● **THE TASK**: Exactly the lines from the start of the data below through the line that contains "SensorPod is connected" are to be copied, with pictures left out.

● **DATA PROVIDED**:

Content starts

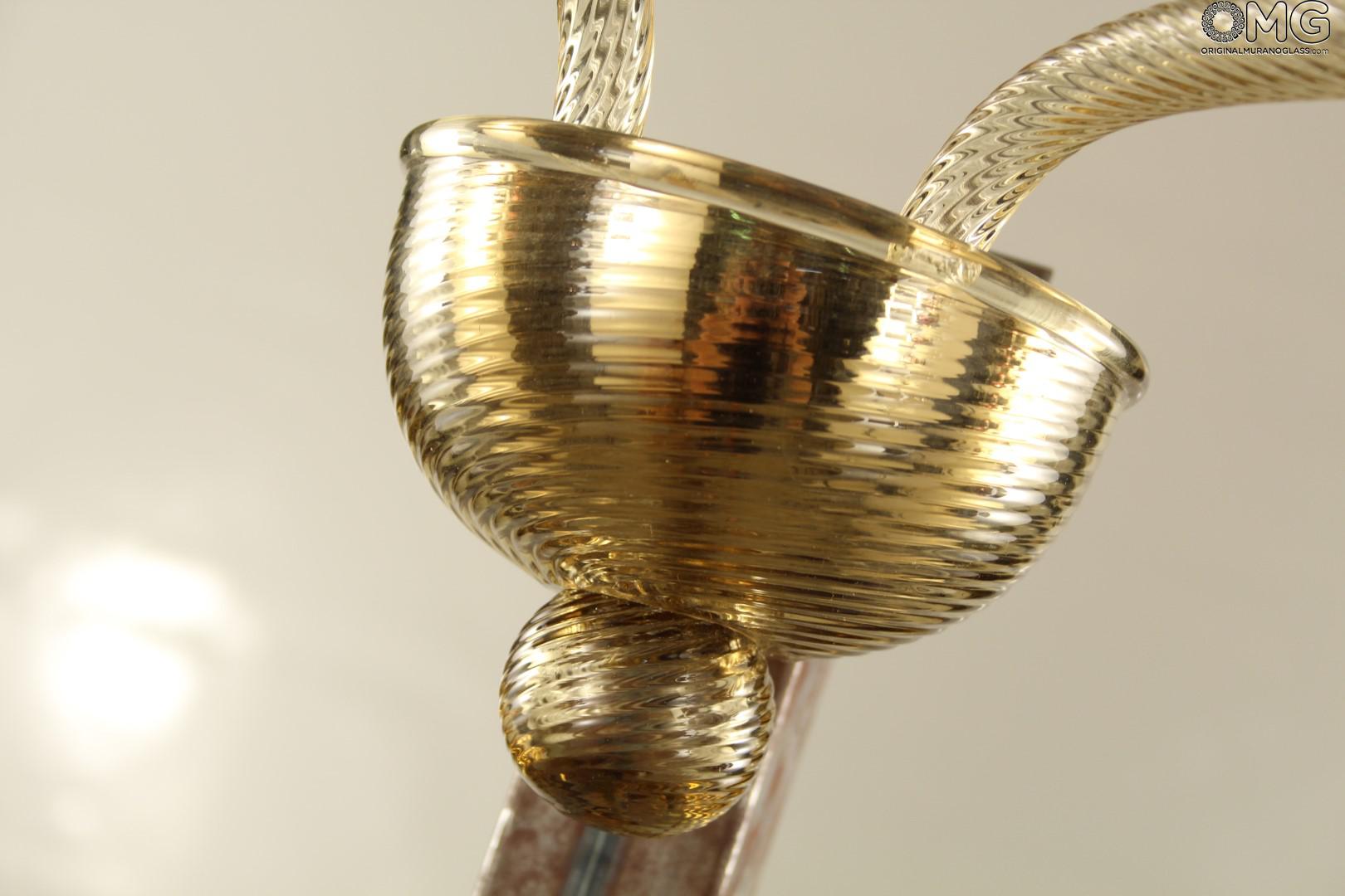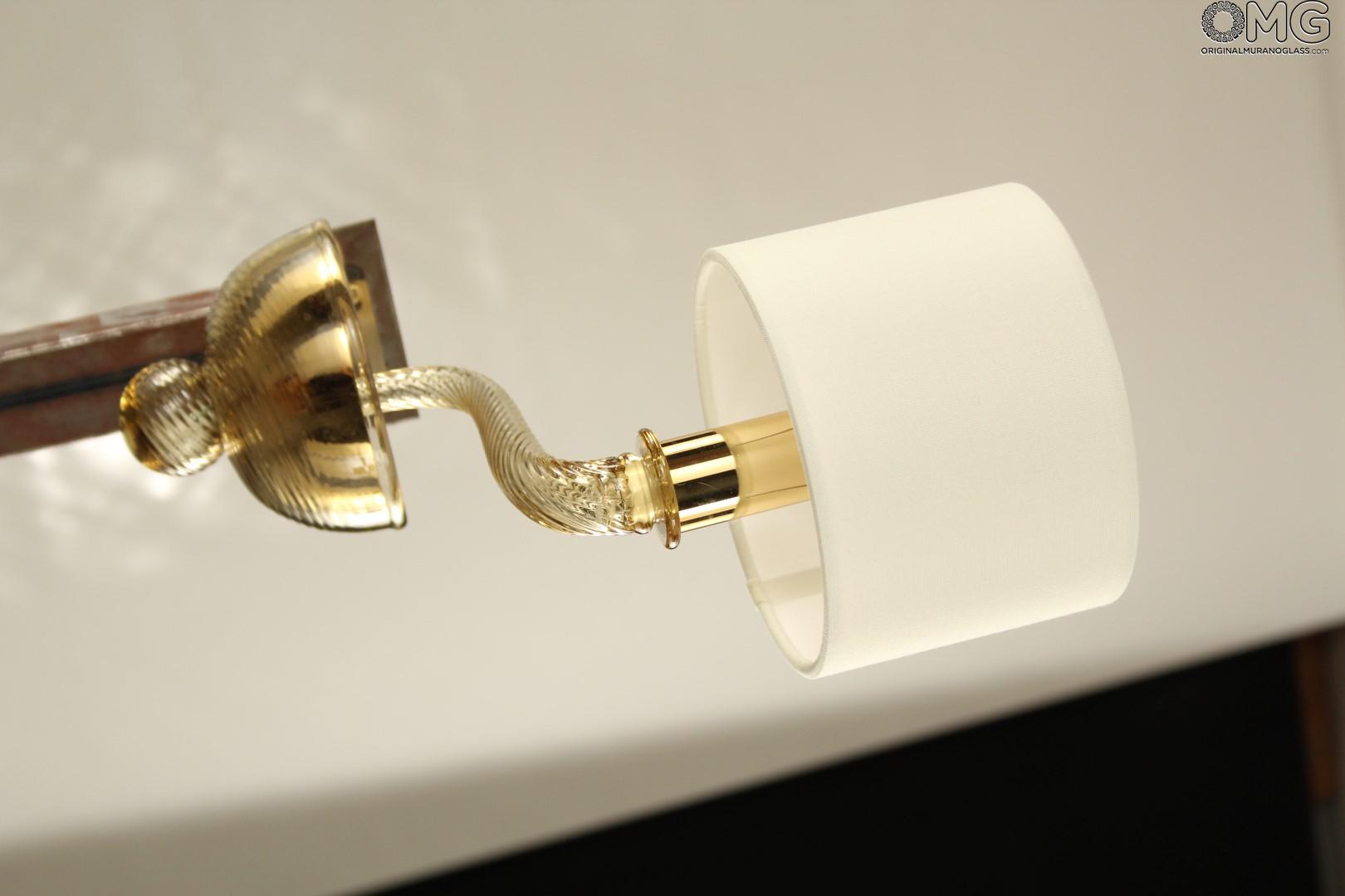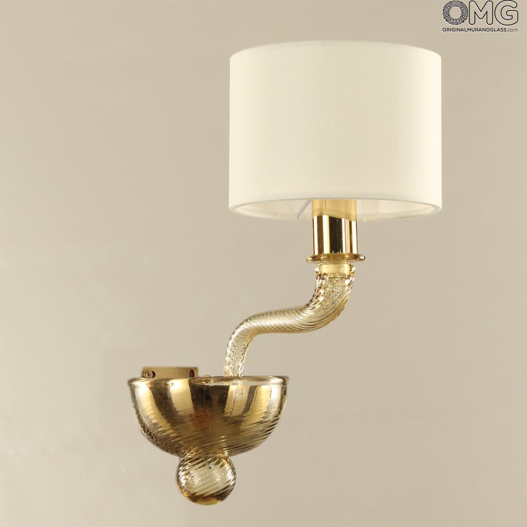 Luxury Wall lamp sconce in amber glass color striped-twisted with smooth lampshades and gold finitures.
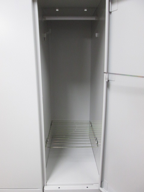 扉の中は洋服を掛けるバーと網棚が付属しております。
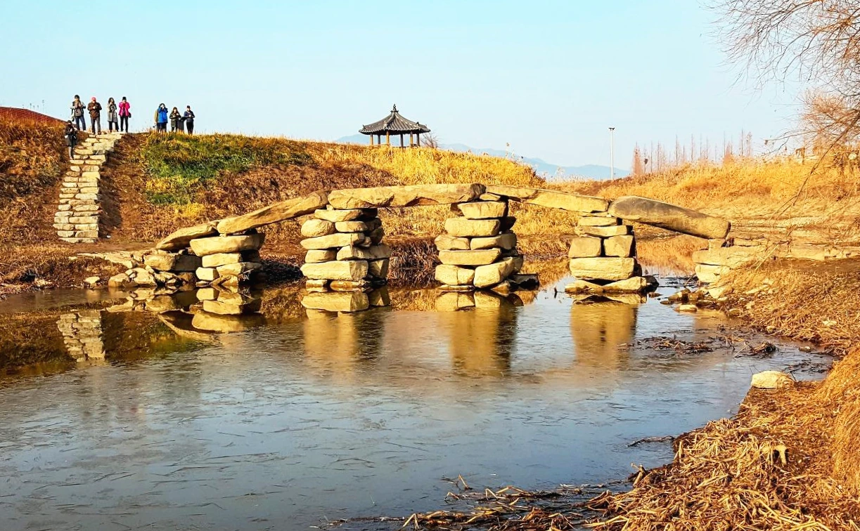 800여 년 전 강 양쪽의 주민들이 힘을 합쳐 만든 돌다리인데 자연 속에 그대로 스며드는 아련한 풍경이다. 걸으며 힐링할 수 있는 시간이다. 경상남도 문화재 자료 225호다.
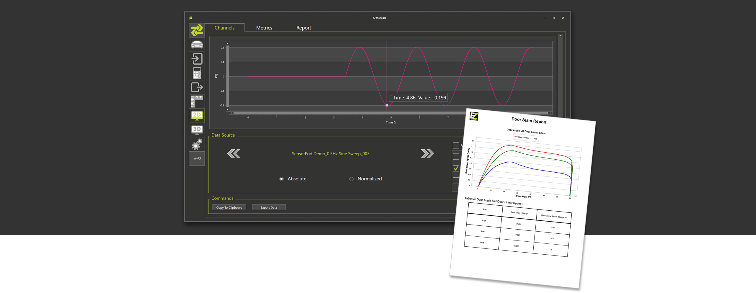 SensorPod is connected to IOManager for data recording and analysis. The multi-channel, multi-dimensional acquisition capabilities allow the user to chart complex systems for an efficient performance evaluation of a system.
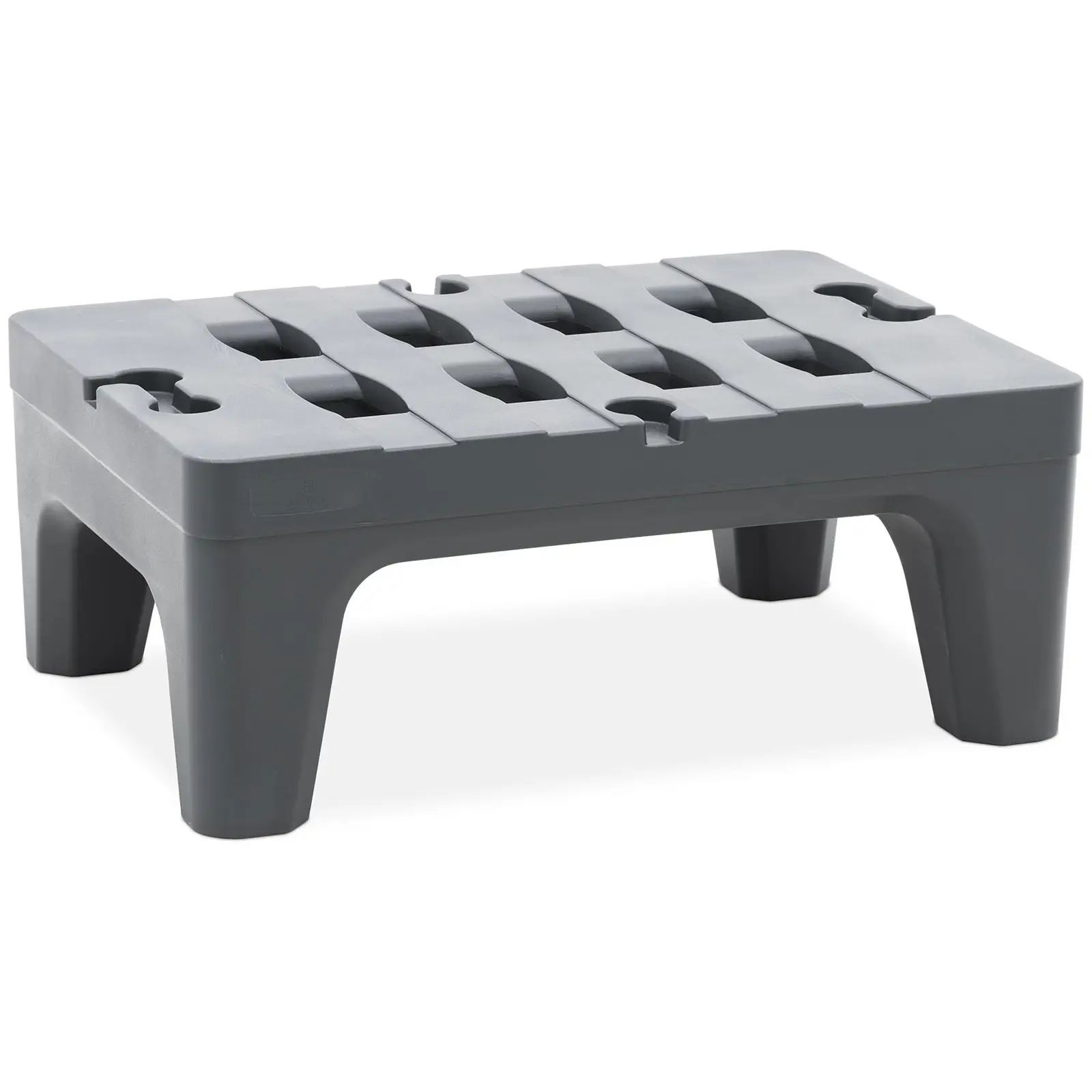 Hygieeninen, tuuletettu ja suojattu vesivahingoilta: Royal Catering:n säilytysjalustalla luot turvallisen etäisyyden tavaroidesi ja lattian välille. Tukeva hylly kantaa jopa 600 kg ja on siksi ihanteellinen yrityksille, joilla on paljon varastoituja tavaroita – olipa kyseessä pakastettu, jäähdytetty tai kuivattu. Lattiahyllyn korkeus on 30 cm. Näin ilma pääsee kiertämään hyvin varastoitujen tavaroiden alla. Lisäksi suojaat elintarvikkeita, laitteita ja vastaavia vaurioilta, jos nestettä vuotaa varastosta. Jalkojen ansiosta voit helposti puhdistaa varastoitujen tavaroiden alta. Hylly voidaan liittää mihin tahansa muuhun saman mallin säilytysalustaan. Työnnä tätä varten liitoskappale molemmissa laakeripohjassa oleviin valmiisiin syvennyksiin. Tämä antaa sinulle suuremman ja huojumattoman pinnan. Hyllyltä löytyy useita paikkoja, joiden avulla voit linkittää alustat haluamallasi tavalla ja jakaa säilytystilan optimaalisesti. Muovinen laakeripohja on kestävä, ruosteenkestävä ja taipumaton ja murtumaton. Kestävä materiaali voidaan puhdistaa nopeasti ja helposti.

Content ends

● **WRITTEN RESPONSE**:
 Luxury Wall lamp sconce in amber glass color striped-twisted with smooth lampshades and gold finitures.
 扉の中は洋服を掛けるバーと網棚が付属しております。
 800여 년 전 강 양쪽의 주민들이 힘을 합쳐 만든 돌다리인데 자연 속에 그대로 스며드는 아련한 풍경이다. 걸으며 힐링할 수 있는 시간이다. 경상남도 문화재 자료 225호다.
 SensorPod is connected to IOManager for data recording and analysis. The multi-channel, multi-dimensional acquisition capabilities allow the user to chart complex systems for an efficient performance evaluation of a system.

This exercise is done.